Wednesday, May 25, 2011


Which is also its old deep space exploration vehicle

NASA's Multi-Purpose Crew Vehicle NASA
Today NASA announced a plan that was largely expected but is now official: Orion, the scrapped then not-scrapped crew module from the definitely scrapped Constellation Program, will serve as the backbone of a new NASA crew module slated to go into service by 2016. Lockheed Martin, which never stopped working on its Orion capsule, will continue developing the Multi-Purpose Crew Vehicle (MPCV), the next-gen rocket-launched capsule that will carry a crew of four on missions lasting up to three weeks.

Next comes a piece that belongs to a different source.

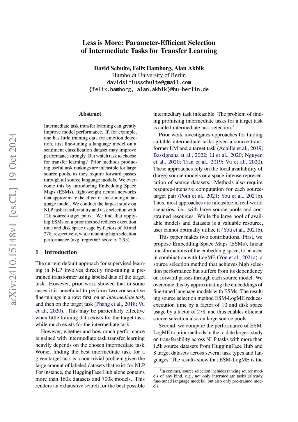 Intermediate task transfer learning can greatly improve model performance. If, for example, one has little training data for emotion detection, first fine-tuning a language model on a sentiment classification dataset may improve performance strongly. But which task to choose for transfer learning? Prior methods producing useful task rankings are infeasible for large source pools, as they require forward passes through all source language models. We overcome this by introducing Embedding Space Maps (ESMs), light-weight neural networks that approximate the effect of fine-tuning a language model. We conduct the largest study on NLP task transferability and task selection with 12k source-target pairs. We find that applying ESMs on a prior method reduces execution time and disk space usage by factors of 10 and 278, respectively, while retaining high selection performance (avg. regret@5 score of 2.95).

The announcement, in some respects, is anticlimactic. We’ve known that Lockheed was still working on Orion, and it appeared all along that the company knew something that we didn’t--you don’t build a 41,000-square-foot Space Operations Simulation Center to train astronauts on a vehicle that you believe will be axed. And while the final MPCV won’t be Orion down to the very last bolt, it won’t be a wildly re-imagined spacecraft either.
That’s probably a good thing. NASA is temporarily out of the manned space business after the last shuttle mission launches in July, and it appears private spacefaring companies are ready to take over that role within this decade. So it’s time for NASA to look to a variety of missions beyond low-Earth orbit, and a multi-purpose vehicle is exactly what the agency needs.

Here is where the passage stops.